* Exercise data
_ _ _ _ _ _ _

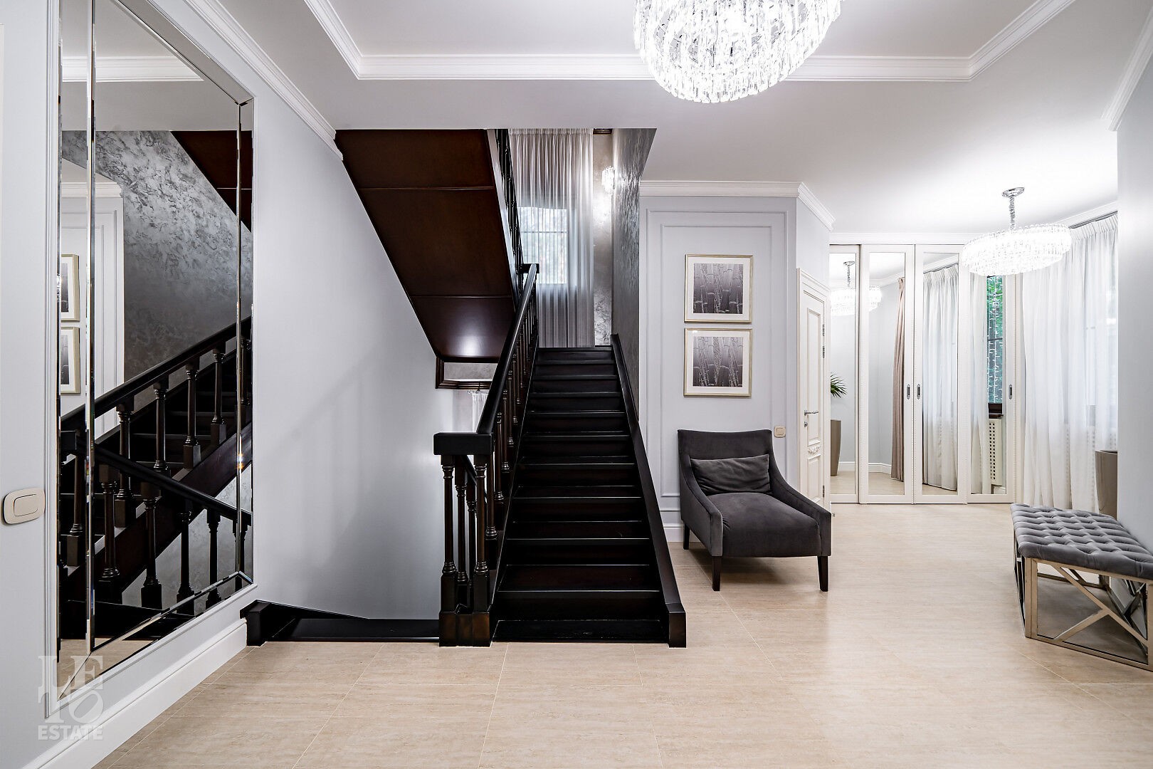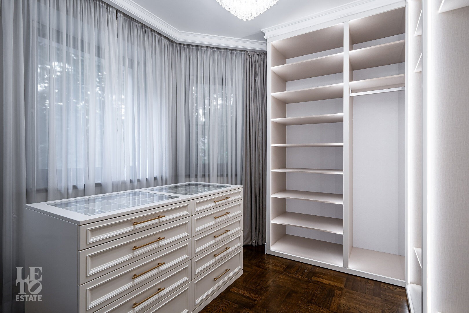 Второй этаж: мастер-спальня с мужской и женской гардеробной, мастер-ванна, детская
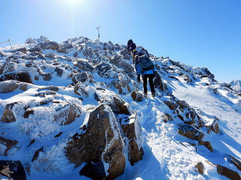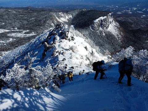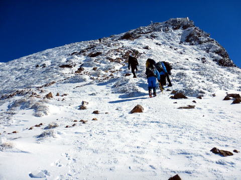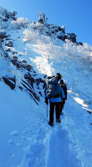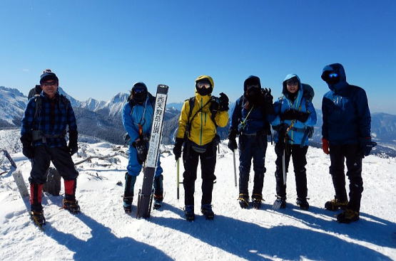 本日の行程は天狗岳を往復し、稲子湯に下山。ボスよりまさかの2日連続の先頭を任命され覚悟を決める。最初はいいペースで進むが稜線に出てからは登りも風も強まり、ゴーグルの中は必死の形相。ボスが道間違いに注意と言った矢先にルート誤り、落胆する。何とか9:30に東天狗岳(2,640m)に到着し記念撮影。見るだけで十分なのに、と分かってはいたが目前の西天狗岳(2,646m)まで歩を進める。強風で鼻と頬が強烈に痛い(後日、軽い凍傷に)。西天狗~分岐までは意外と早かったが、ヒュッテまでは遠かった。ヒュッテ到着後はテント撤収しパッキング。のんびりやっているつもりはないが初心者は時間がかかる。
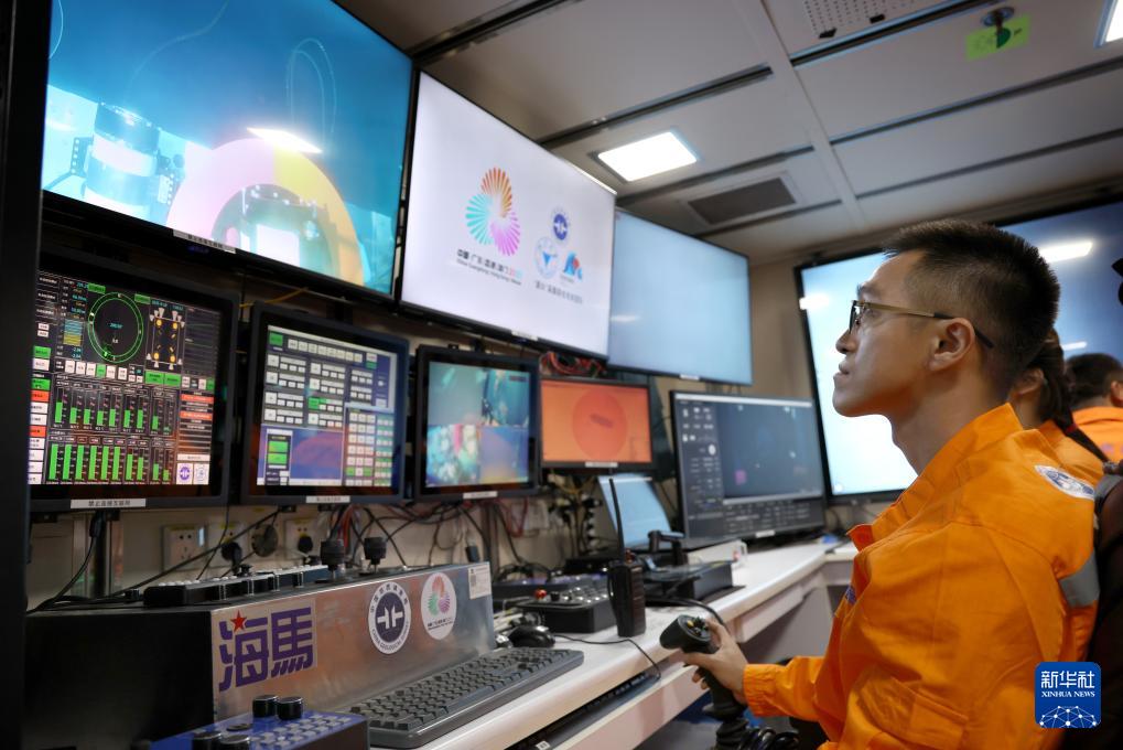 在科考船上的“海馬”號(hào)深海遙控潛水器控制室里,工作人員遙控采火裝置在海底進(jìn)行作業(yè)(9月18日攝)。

_ _ _ _ _ _ _

* Problem description
Copy all the lines of data exactly as they appear, dropping any images.

* Output
 Второй этаж: мастер-спальня с мужской и женской гардеробной, мастер-ванна, детская
 本日の行程は天狗岳を往復し、稲子湯に下山。ボスよりまさかの2日連続の先頭を任命され覚悟を決める。最初はいいペースで進むが稜線に出てからは登りも風も強まり、ゴーグルの中は必死の形相。ボスが道間違いに注意と言った矢先にルート誤り、落胆する。何とか9:30に東天狗岳(2,640m)に到着し記念撮影。見るだけで十分なのに、と分かってはいたが目前の西天狗岳(2,646m)まで歩を進める。強風で鼻と頬が強烈に痛い(後日、軽い凍傷に)。西天狗~分岐までは意外と早かったが、ヒュッテまでは遠かった。ヒュッテ到着後はテント撤収しパッキング。のんびりやっているつもりはないが初心者は時間がかかる。
 在科考船上的“海馬”號(hào)深海遙控潛水器控制室里,工作人員遙控采火裝置在海底進(jìn)行作業(yè)(9月18日攝)。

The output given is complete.